Stalking offences in England and Wales have seen a “significant increase” during the pandemic, according to police.
More than 80,000 incidents of stalking were recorded by forces last year but freedom of information requests by BBC News show arrests were unable to keep up with offences. Arrests grew at half the rate of the rise in offences between 2019 and 2020.
Victims of stalking are having their right to privacy infringed upon, which is protected by Article 8 of the Human Rights Act. Considering the majority of stalking victims are women, the rise in incidents and failure to match offences with arrests raises questions of whether victims’ right to freedom from discrimination – Article 14 – is being affected.
“What we’ve seen, both in the pandemic and outside of it, is a significant increase in stalking cases,” said Deputy Chief Constable Paul Mills, the National Police Chiefs’ Council lead officer for stalking. “What we’re looking at in certain parts of the country [is] up to a 200% increase.”
In the UK, there is no strict legal definition of stalking but the Protections of Freedoms Act 2012 created two new offences of stalking.
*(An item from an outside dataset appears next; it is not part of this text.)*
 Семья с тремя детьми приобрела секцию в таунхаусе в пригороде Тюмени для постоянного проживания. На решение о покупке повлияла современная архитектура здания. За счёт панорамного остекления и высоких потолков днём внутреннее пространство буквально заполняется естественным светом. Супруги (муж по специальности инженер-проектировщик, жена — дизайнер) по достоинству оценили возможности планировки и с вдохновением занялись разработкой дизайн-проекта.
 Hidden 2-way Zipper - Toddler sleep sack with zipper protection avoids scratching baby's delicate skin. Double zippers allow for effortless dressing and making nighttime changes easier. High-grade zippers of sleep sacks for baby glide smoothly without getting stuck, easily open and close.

The Home Office also issued guidelines in relation to stalking offences.
These two new sections set out examples of acts associated with stalking, like following a person, watching or spying on them and forcing contact with the victim through any means, including social media and other forms of digital communication.
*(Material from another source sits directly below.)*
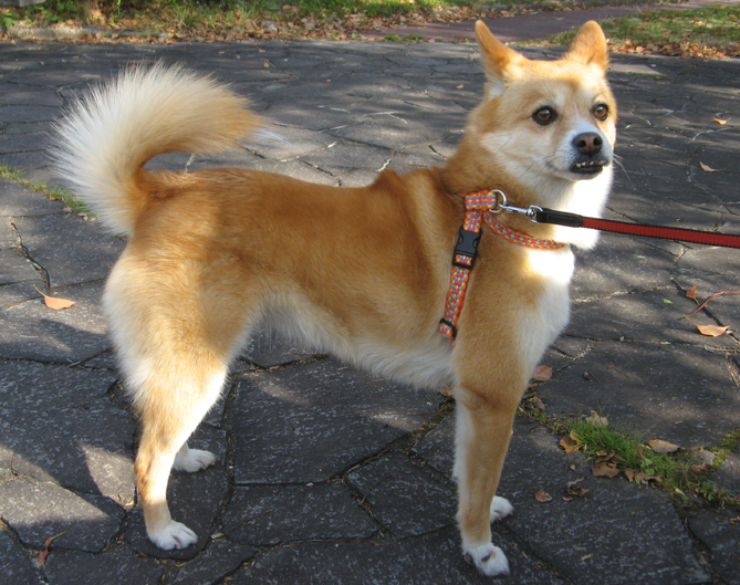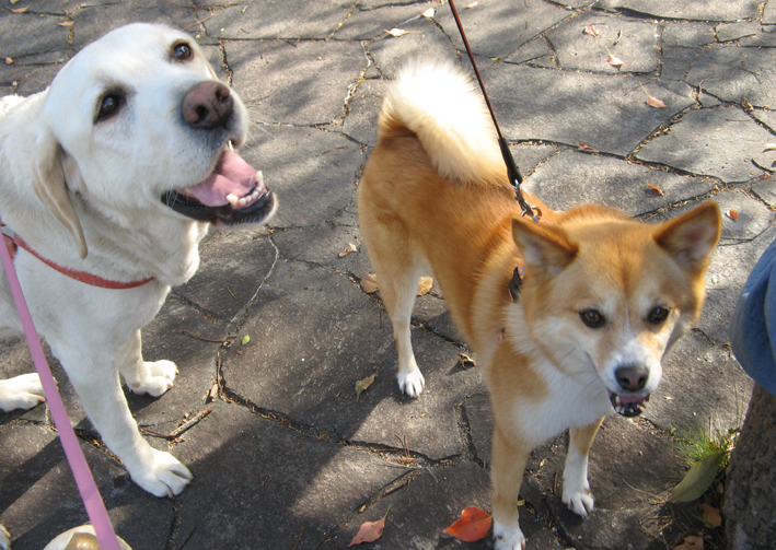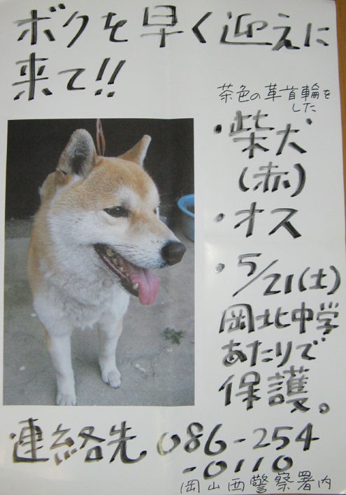 あのコはどこのコ?こんな夕暮れぇ~♫ 付いてきちゃったんですよね、花チンに柴犬(赤系・♂)が。 近所を連れて回って 「このコに見覚えないですかぁ?」 って聞き込みしたけど、2~3日前ミニバイクの人に 「柴犬見かけませんでした?」 と声を掛けられた人に出会って 『ぐぁ(が)』、どこの誰とも聞いてないそうで手の打ちようがないですわ。 とうとう手製ポスター作戦! 届けが出てないか交番にお訊ねしたところ5、6キロ離れた街で2~3日前柴犬がいなくなったとか、でもち~と遠過ぎるなぁ、イヌ違いかも?? 拾得物ということで夜遅く管轄の警察署に移送されていきました。 早く飼い主さん出てきてぇ~待ってるよぉ。 (花かあちゃん)

Stalking behaviours are designed to impact a victim’s freedoms, leaving them in a constant state of hypervigilance. A stalker’s conduct can appear innocent, especially if each act of stalking is considered in isolation, but repeated stalking behaviours cause significant harassment and distress.
The 80,000 stalking offences recorded in 2020 is a large increase on the 27,156 offences in 2019, however, it is important to note that the figures are not directly comparable because of a change in how crimes are recorded, which has encouraged more people to report offences by ex-partners.
But the Freedom of Information (FOI) requests conducted by BBC News from 33 out of 45 police forces, indicate that arrests for stalking offences increased at less than half the rate of the rise in stalking incidents in 2020 compared with the year before in England, Wales and Scotland.
According to Mills, there are several contributing factors to the rise in offences, including an increase in online stalking and the pandemic itself.
“80,000 is a really easy number to talk about but each one of those people is actually a victim at the end of that,” he said. “In each one of those cases, there is significant potential harm. We’re now doing extensive work to try and increase the outcome rate for victims.”
Under 18-year-olds made more than 2,000 reports of stalking in 2020 and, of the 28 forces who responded to BBC News’ specific request about the age of those reporting incidents, 25 said a person aged 11-years-old or younger had complained of being stalked.
Lawyer at the stalking advocacy charity Paladin, Rachel Horman-Brown said the lockdowns “made victims feel much more vulnerable and it’s been more difficult for them to get any kind of support”.
The government introduced stalking protection orders allowing police forces to ban offenders from coming within a certain distance of their home or workplace and from making contact with victims on social media.
However, there have only been 294 successful applications for these orders, equating to being used in about 2% of stalking arrests.
“Stalking Protection Orders stop perpetrators in their tracks and prevent them contacting victims,” a government spokesperson said. “We expect all police forces to make full use of them, and are working closely with the police to ensure that this happens.”
Ireland only recently introduced a bill to criminalise stalking, whereas specific stalking offences were introduced in Scotland, England and Wales in 2010 and 2012 respectively.